**PROBLEM DETAILS:** Every line from the start of the entries up to and including the one bearing "6年生は、家庭科で、「ナップザック」「トートバッグ」を作っています。" must be printed verbatim, without the pictures.

(Collection entries)
*** Begin section ***

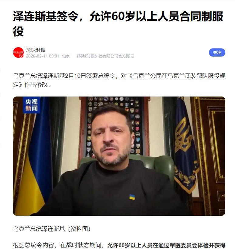 泽连斯基真是够了!60岁以上的老人都被他拉出来当兵了!乌克兰总统泽连斯基2月10日签署总统令,对《乌克兰公民在乌克兰武装部队服役规定》作出修改。 只要乌克兰还在打仗,60岁以上的老人,只要身体通过部队医院检查,再得到部队指挥官同意,就能和部队签合同当兵。 合同期一年,部队需要还能再延长一年,战争停了,合同就提前结束,老人按规矩退休。泽连斯基会这么做,不是一时兴起,背后全是现实考量,具体原因有三个,都很实在。 第一个最核心的原因,就是乌克兰实在没人当兵了。乌克兰已经打了好几年仗,能当兵的年轻人快耗光了,这几年他们的征兵政策一次次收紧,还是不够用。 2022年战争刚爆发,乌克兰就不让18到60岁的男人出国,怕他们跑了没人当兵,一开始只招有当兵经验的人,后来连有专业技能的女人也被召去了。 2024年4月,又把强制征兵的最低年龄从27岁降到25岁,还规定战时当兵的人不能随便退役,甚至征募符合条件的囚犯上前线,即便这样还是不够。 这几年,很多适龄年轻人要么在战场上牺牲、受伤,要么偷偷跑出国躲战争,国内能当兵的年轻人越来越少,泽连斯基没别的办法,只能打老人的主意。 第二个原因,是乌克兰经济太差,很多老人只能靠当兵谋生。乌克兰因为常年打仗,经济早就垮了,老百姓日子不好过,尤其是退休老人,退休金根本不够吃饭、穿衣,维持基本生活都困难。 而泽连斯基已经明确,2026年乌克兰武装部队合同制军人,月薪大概5到6万格里夫纳,差不多相当于人民币8000到9800块钱,在现在的乌克兰,这已经是很高的工资了。 总统令里说老人是“自愿”当兵,但实际上,很多老人都是为了赚这份工资,才愿意签合同,并不是真的想上军营受苦、面对危险,泽连斯基也正是抓住了这一点,才能让老人愿意参军。 第三个原因,是泽连斯基想继续维持战局,必须补充兵员。他一直想靠西方的援助,再加上足够的兵力,继续和俄军对抗,根本不愿意轻易寻求和平。 他心里很清楚,要是兵源断了,战局就撑不下去了,自己的政治诉求也无法实现。而且现在西方援助不稳定,美国、欧洲的支援时断时续,乌克兰只能靠自己内部挖潜。 这些60岁以上的老人,不用被派到前线打仗,大多去做后勤、医疗、维护设施等非战斗工作,刚好能填补部队的岗位空缺,还能把原本做这些工作的年轻人腾出来,送到前线去,这样就能勉强维持战局。 兵员耗尽、经济崩溃、外援不稳,这些现实问题摆在面前,泽连斯基没有选择寻求和平,而是选择榨干国内最后一点人力潜力。 让本该安享晚年的老人,来填补战争的缺口,这一切都是为了他能继续撑下去,根本不是为了乌克兰普通民众的安宁。
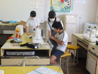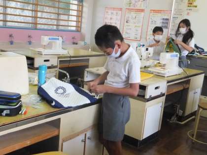 6年生は、家庭科で、「ナップザック」「トートバッグ」を作っています。
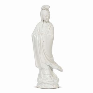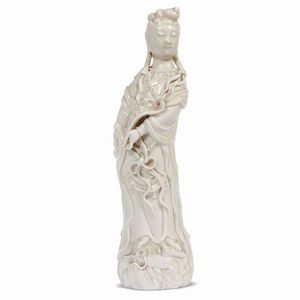 STATUA, CINA, DINASTIA QING, SEC.XX in porcellana bianca raffigurante Guanyin. Il personaggio si trova su una [..]
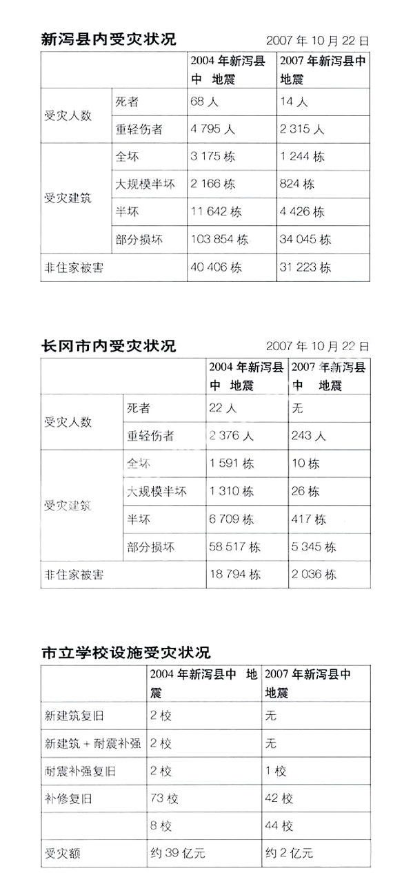 长冈位于新泻省中部,夏季凉爽多雨,冬季寒冷多雪,冬季积雪量达到25m。因此建筑设计需要考虑雪荷载的作用。2004年10月23日17点56分新泻省中部发生了6.8级地震,最大烈度为7度,受灾人数10万人。2007年7月16日10点13分新泻省中越冲发生了6.8级地震,最大烈度超过6度,受灾人数1万人。有关两次地震对长冈市建筑物和人员的伤害见表。
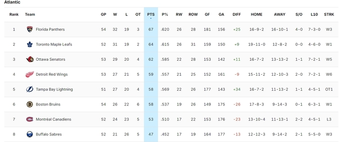 Команда в Атлантичному дивізіоні тримається в топ-3, поступаючись кількома очками лише Флориді та Торонто, сподіваючись прорвати серію сезонів без плей-оф.
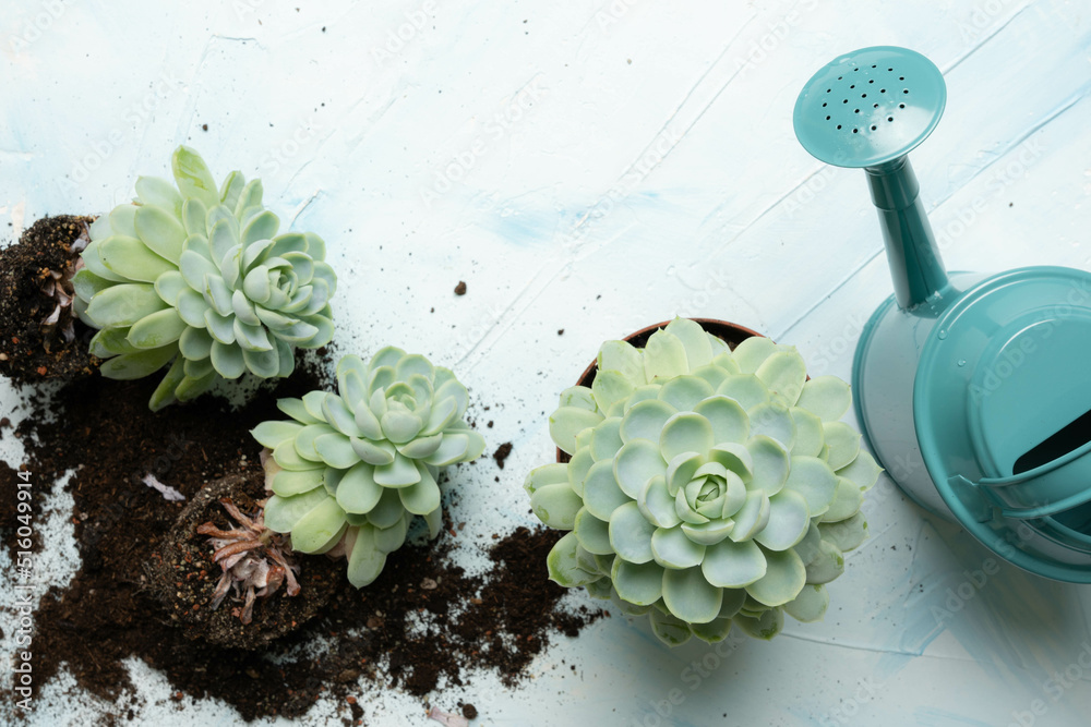 Replanting house plants into pot. Cultivation and caring for hen and chicks plants
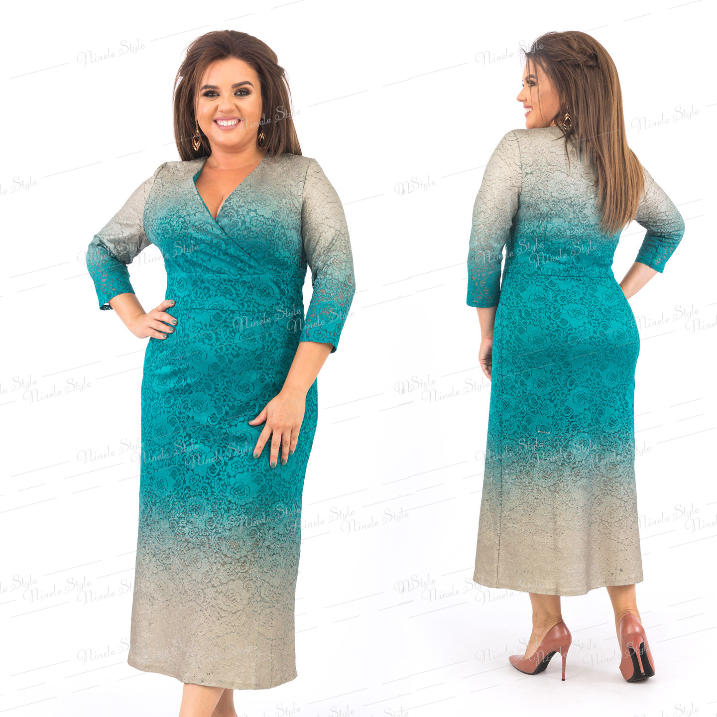 Элегантное платье с бирюзово-серым градиентом сделает ваш образ неповторимым. Длина данной модели позволит вам комфортно чувствовать себя как на вечеринке так и на деловой встрече. Изюминкой платья является запах в зоне декольте, а так же цветочный орнамент бирюзового гипюра, с серым напылением. Гипюр эластичен, это даст идеальную посадку по фигуре. В этом платье вы будете выглядеть элегантно и женственно.
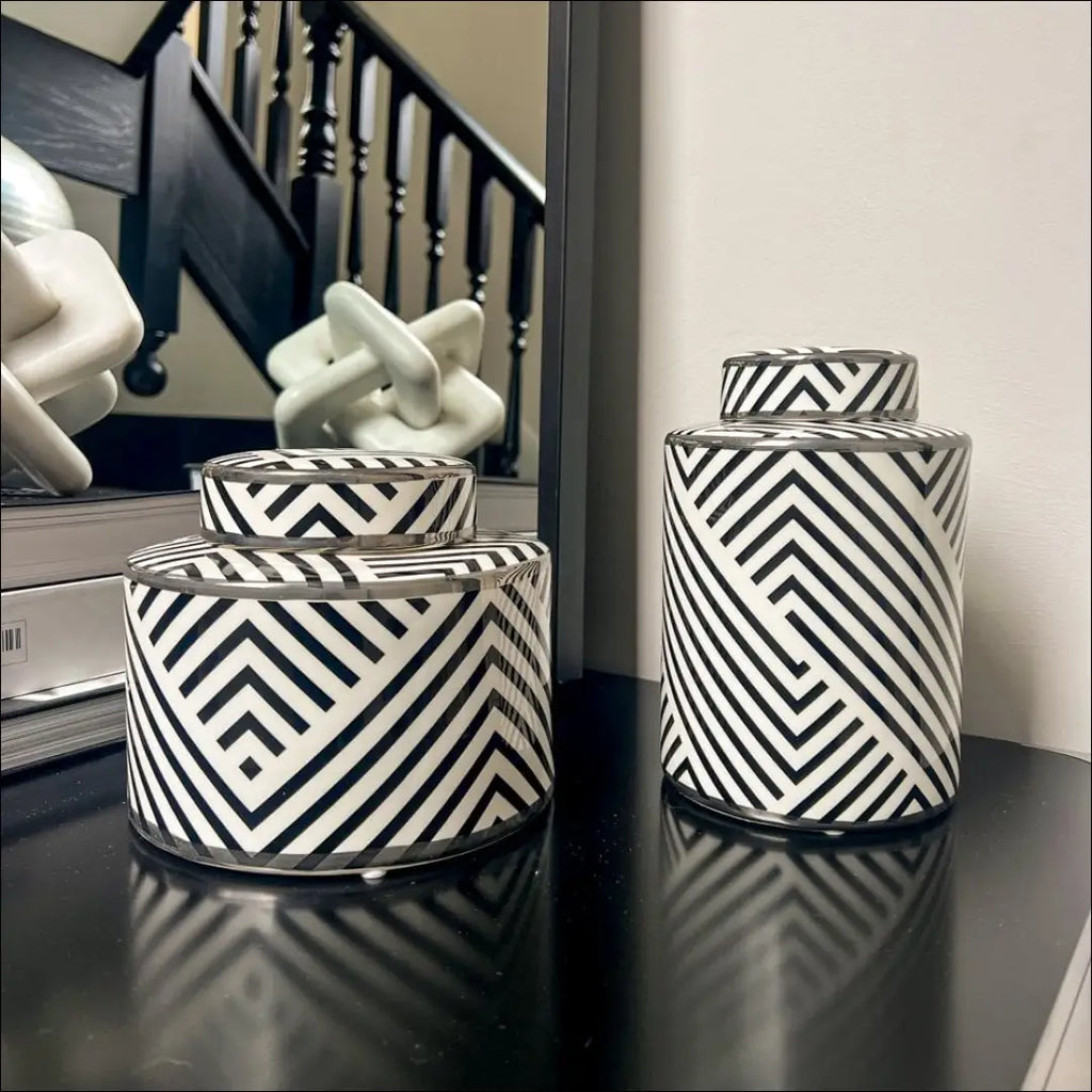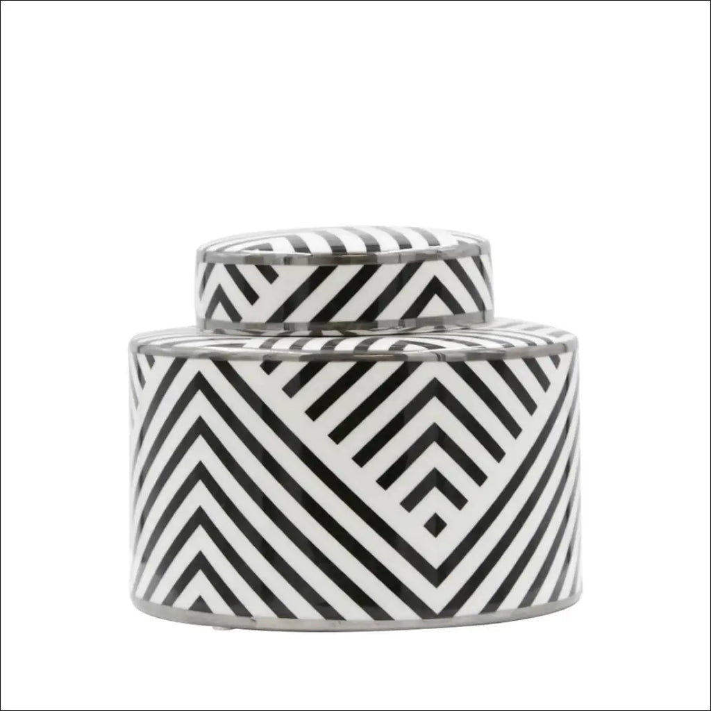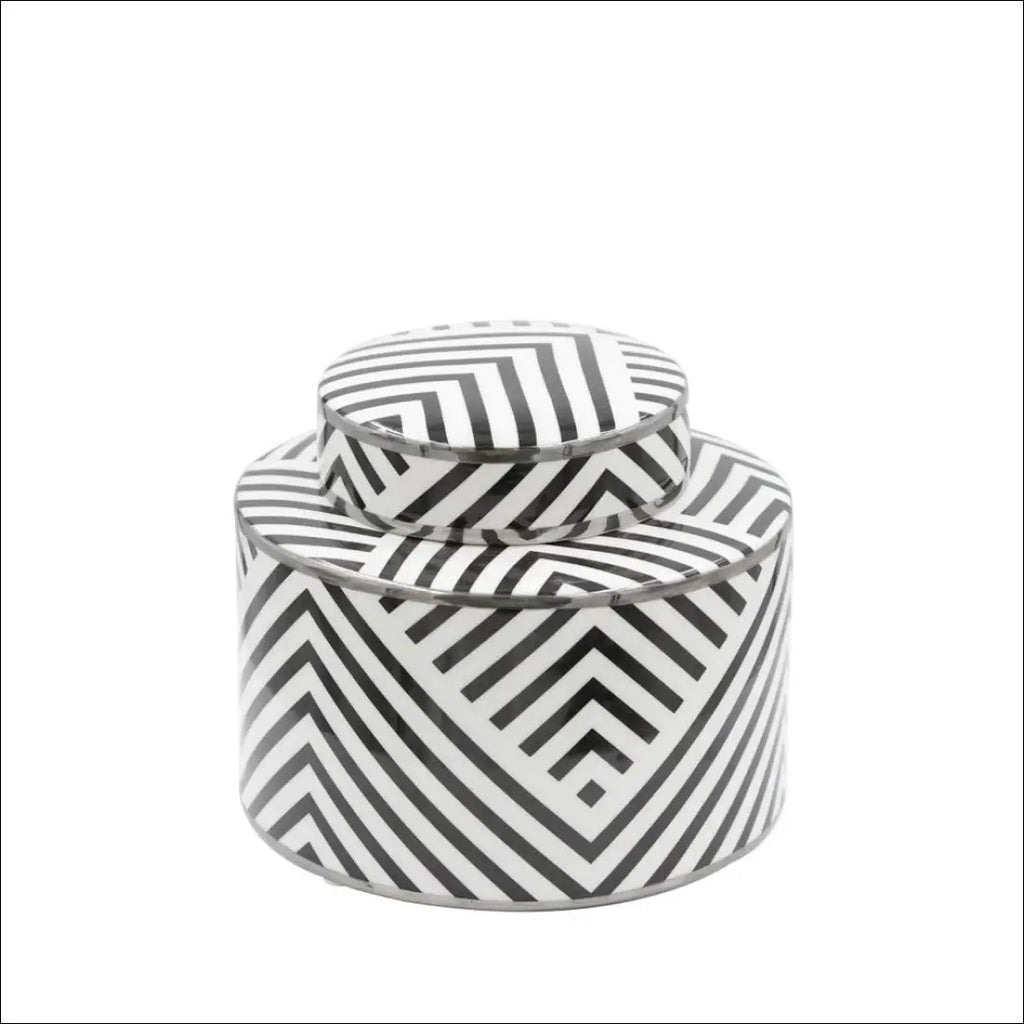 Apvalaus silueto, jis pasižymi zigzago dizainu ryškiai juodai baltai. Blizgi keramika yra prabangi ir tiks jūsų moderniai prabangiai erdvei. Nuimkite dangtelį, kad šiame nuostabiame imbiero indelyje galėtumėte laikyti brangius daiktus; “CIMC”; Siuntimo pakuotė gali būti ne originali, prekė siunčiama pilnai arba dalinai surinkta; |
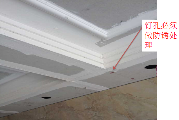 釘眼必須防銹處理(涂防銹漆),接縫必須做防裂處理(填防裂寶貼布帶)。
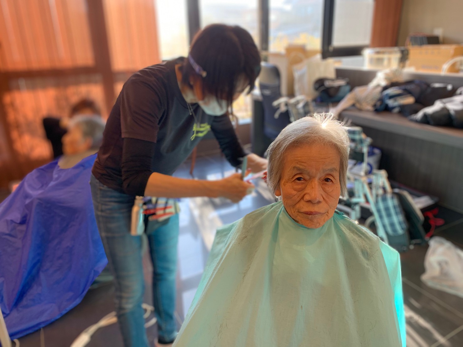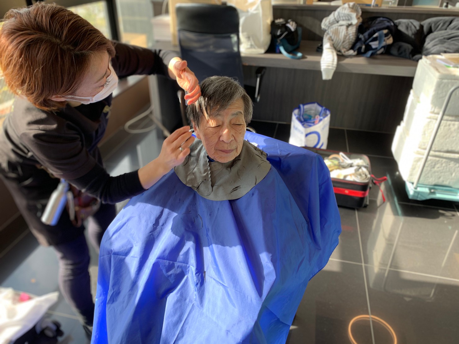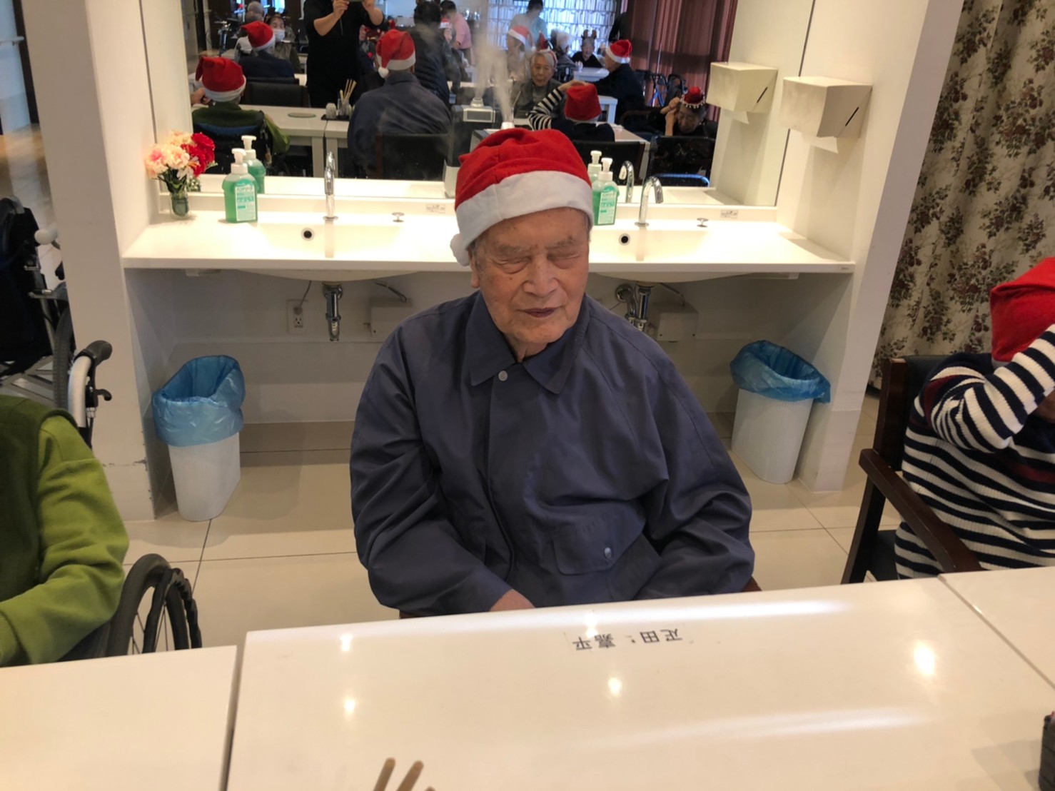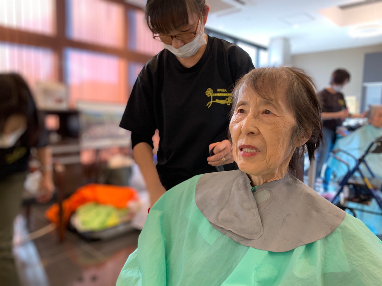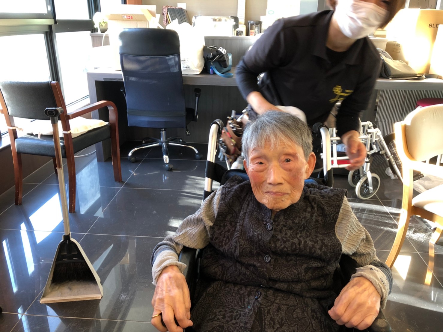 日本理美容福祉協会さんにお越しいただき、ほぼすべてのご利用者さまがお正月に向け、髪の毛を切っていただきました。皆さまが順番に切っていただいている間、お待ちになっている利用者さまが「今日はどうしてもらう?」「長くのばそうかな~」「あんたは短い方が似合うよ」なんて話されているのを見て、お幾つになられても女の子の会話はか変わらないんだな~って思いました。♪あといくつ寝るとお正月♪(*’ω’*)その前に、クリスマス会にお餅つきとまだまだ12月は終わりません。
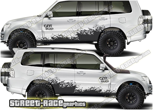 Mitsubishi Shogun graphics (Also known as the Pajero). They are shown on the fourth generation 5 door Shogun but they can be trimmed to fit any 5 door Shogun. The decals are not pre-cut for any specific Shogun version; they do not have any door handle cutouts, wheel arch or door line splits. These will require trimming during fitting. Vinyl will not stick to unpainted textured plastic, so the graphics are not suitable for some variants.
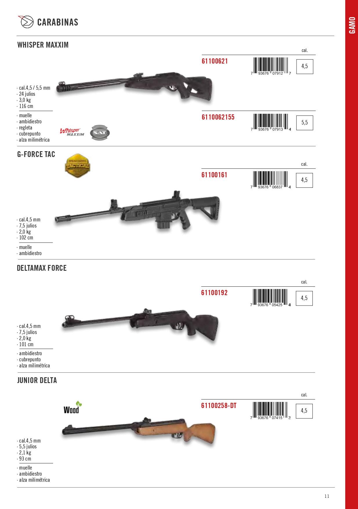 61100161 - Carabine Gamo G-FORCE TAC Calibre 4.5, 2 kg de poids et 210 m / s. 7,5 Joules. 95 cm. Quai. Ambidextre. Augmentation millimétrique.
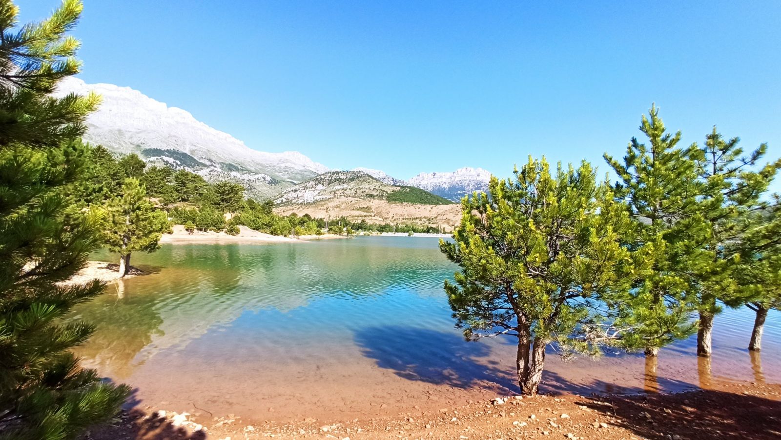 Konyanın Seydişehir ilçesinde bulunan Küpe Dağının kar suları ile dolan Tarasçı Baraj Gölü, görenleri büyülüyor.
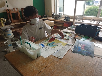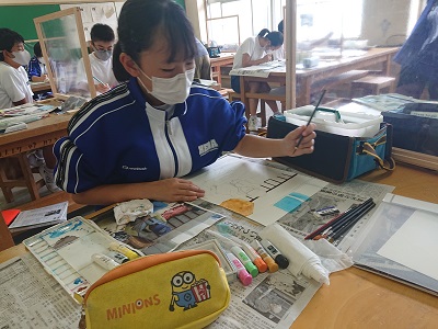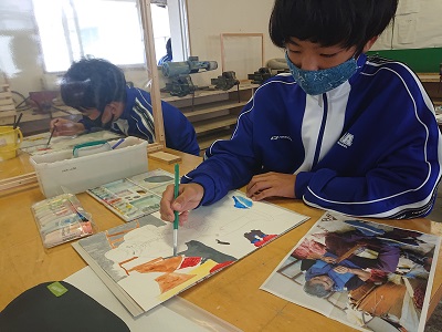 1年生は美術で、静岡県信用漁業協同組合連合会主催の「海の子作品展」に出品する作品制作を行っていました。
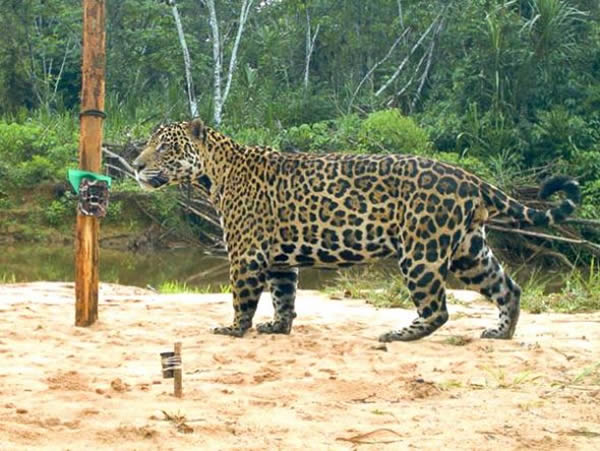 马迪迪国家公园相机陷井“捕获”的一头美洲豹。研究人员根据斑点图案确定美洲豹的身份。在美洲豹穿过红外光束时,相机陷井便被触发,拍摄下它们的影像。WCS的自然资源保护主义者罗伯特-华莱士在一份声明中说:“令我们感到兴奋的是,我们可以通过这些照片进一步了解这种难以捉摸的猫科动物以及它们在生态方面的需要。这些照片帮助我们了解个体美洲豹的生活,评估当地的美洲豹分布密度。”

*** End section ***

**TASK RESPONSE:**
 泽连斯基真是够了!60岁以上的老人都被他拉出来当兵了!乌克兰总统泽连斯基2月10日签署总统令,对《乌克兰公民在乌克兰武装部队服役规定》作出修改。 只要乌克兰还在打仗,60岁以上的老人,只要身体通过部队医院检查,再得到部队指挥官同意,就能和部队签合同当兵。 合同期一年,部队需要还能再延长一年,战争停了,合同就提前结束,老人按规矩退休。泽连斯基会这么做,不是一时兴起,背后全是现实考量,具体原因有三个,都很实在。 第一个最核心的原因,就是乌克兰实在没人当兵了。乌克兰已经打了好几年仗,能当兵的年轻人快耗光了,这几年他们的征兵政策一次次收紧,还是不够用。 2022年战争刚爆发,乌克兰就不让18到60岁的男人出国,怕他们跑了没人当兵,一开始只招有当兵经验的人,后来连有专业技能的女人也被召去了。 2024年4月,又把强制征兵的最低年龄从27岁降到25岁,还规定战时当兵的人不能随便退役,甚至征募符合条件的囚犯上前线,即便这样还是不够。 这几年,很多适龄年轻人要么在战场上牺牲、受伤,要么偷偷跑出国躲战争,国内能当兵的年轻人越来越少,泽连斯基没别的办法,只能打老人的主意。 第二个原因,是乌克兰经济太差,很多老人只能靠当兵谋生。乌克兰因为常年打仗,经济早就垮了,老百姓日子不好过,尤其是退休老人,退休金根本不够吃饭、穿衣,维持基本生活都困难。 而泽连斯基已经明确,2026年乌克兰武装部队合同制军人,月薪大概5到6万格里夫纳,差不多相当于人民币8000到9800块钱,在现在的乌克兰,这已经是很高的工资了。 总统令里说老人是“自愿”当兵,但实际上,很多老人都是为了赚这份工资,才愿意签合同,并不是真的想上军营受苦、面对危险,泽连斯基也正是抓住了这一点,才能让老人愿意参军。 第三个原因,是泽连斯基想继续维持战局,必须补充兵员。他一直想靠西方的援助,再加上足够的兵力,继续和俄军对抗,根本不愿意轻易寻求和平。 他心里很清楚,要是兵源断了,战局就撑不下去了,自己的政治诉求也无法实现。而且现在西方援助不稳定,美国、欧洲的支援时断时续,乌克兰只能靠自己内部挖潜。 这些60岁以上的老人,不用被派到前线打仗,大多去做后勤、医疗、维护设施等非战斗工作,刚好能填补部队的岗位空缺,还能把原本做这些工作的年轻人腾出来,送到前线去,这样就能勉强维持战局。 兵员耗尽、经济崩溃、外援不稳,这些现实问题摆在面前,泽连斯基没有选择寻求和平,而是选择榨干国内最后一点人力潜力。 让本该安享晚年的老人,来填补战争的缺口,这一切都是为了他能继续撑下去,根本不是为了乌克兰普通民众的安宁。
 6年生は、家庭科で、「ナップザック」「トートバッグ」を作っています。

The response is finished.